A caste system formed in Mexico during this time. There were criollos, or people with Spanish blood. They thought these people were upper-class and important. They were landowners and controlled the economy. There were also mestizos, or people with “mixed” blood. Mestizos were the majority class, but they had the least power and wealth. This system was called La Encomienda and was very unfair. Only criollos could own land. They treated the mestizos poorly. They made the mestizos work the land and treated them like enslaved people.
From 1810 to 1821, Mexico waged a war for its independence. At the end of the war, Mexico was free from Spanish and European rule. When this war ended, mestizos became even more unhappy at their treatment. They believed they should hold more power and land. A new constitution in 1857 promised more equality, better economic opportunity, and a fair justice system.
Porfirio Díaz became president in 1876. He seemed to be a leader with good intentions. Díaz built roads and railroads. He started policies for economic improvement. The longer Díaz held the presidency, the more people questioned his power.
Rural people didn’t see the same benefits as those in cities. Wealth seemed to flow only to the privileged. Díaz again ran for re-election in 1910. He jailed his chief opponent, Francisco Madero.
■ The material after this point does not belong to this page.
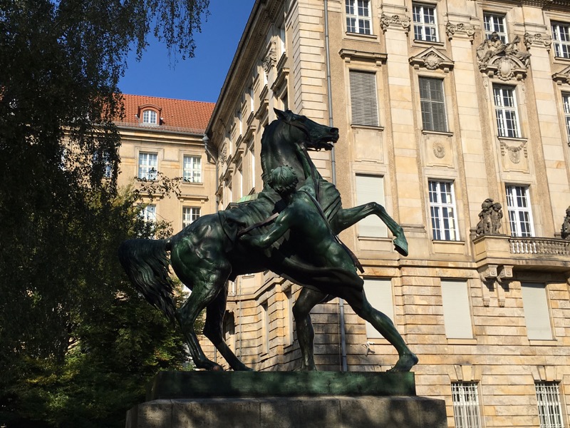 Kaum ein Herrscher, der sich nicht zu Pferde verewigen ließ, in einem Denkmal, das Macht und Souveränität symbolisiert. Im Bodemuseum zu Berlin steht die Reiterstatue des Großen Kurfürsten Friedrich Wilhelm – hier bekräftigt der Glanz des prächtigen Pferdes die Bedeutung seines Reiters. Auch Pferde ohne Reiter schmücken unsere Stadt, beispielsweise zwei große Standbilder vor dem Kammergericht am Kleistpark in Schöneberg mit den Namen: Rossebändiger (siehe Fotos).
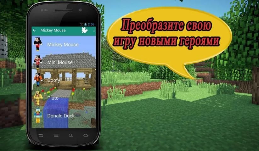 Разнообразные персонажи мультфильмов и просто крутые образы персонажей MC ты найдёшь в этом приложении!

Madero believed in bringing democracy back to a government that Díaz had turned into a dictatorship.
With Díaz president again in October 1910, Mexican people saw no hope for honest elections. Madero fled to the United States. On November 20, 1910, while living in Texas, he urged people to revolt against Díaz. No major battles took place that day. The date marks the start of the Mexican Revolution. Díaz resigned and left Mexico in May 1911. Madero returned from exile and was elected president that same year.
For the next 10 years, a few battles took place. Famous revolutionaries like Pancho Villa, Emiliano Zapata, and Venustiano Carranza organized forces. Over the course of the civil war, hundreds of thousands of Mexicans died.
A new constitution in 1917 brought education and workforce reforms. Schooling was free and mandatory for the first time. It urged the government to care for the social and economic well-being of all Mexicans. Many believe the war ended in 1920, though fighting continued for several more years. Only in 1934, when Lázaro Cárdenas became president, did democracy really replace dictators in Mexico.
The Mexican Revolution was the first war to be recorded on film. It also brought about a program using artists to tell the story of the revolution. Muralists like Diego Rivera and José Clemente Orozco painted on the walls of public buildings. Their works told the tales of the war and recorded the lives of everyday people. For a country with a high illiteracy rate before schooling was widely available, these paintings were educational.
Corridos, or storytelling songs, shared tales from the revolution. Leaders receive heroic treatment in these songs. They shamed rulers who treated Mexican people poorly. Each Mexican state has its own corrido that retells important events. These songs remain important today in remembering Mexican history.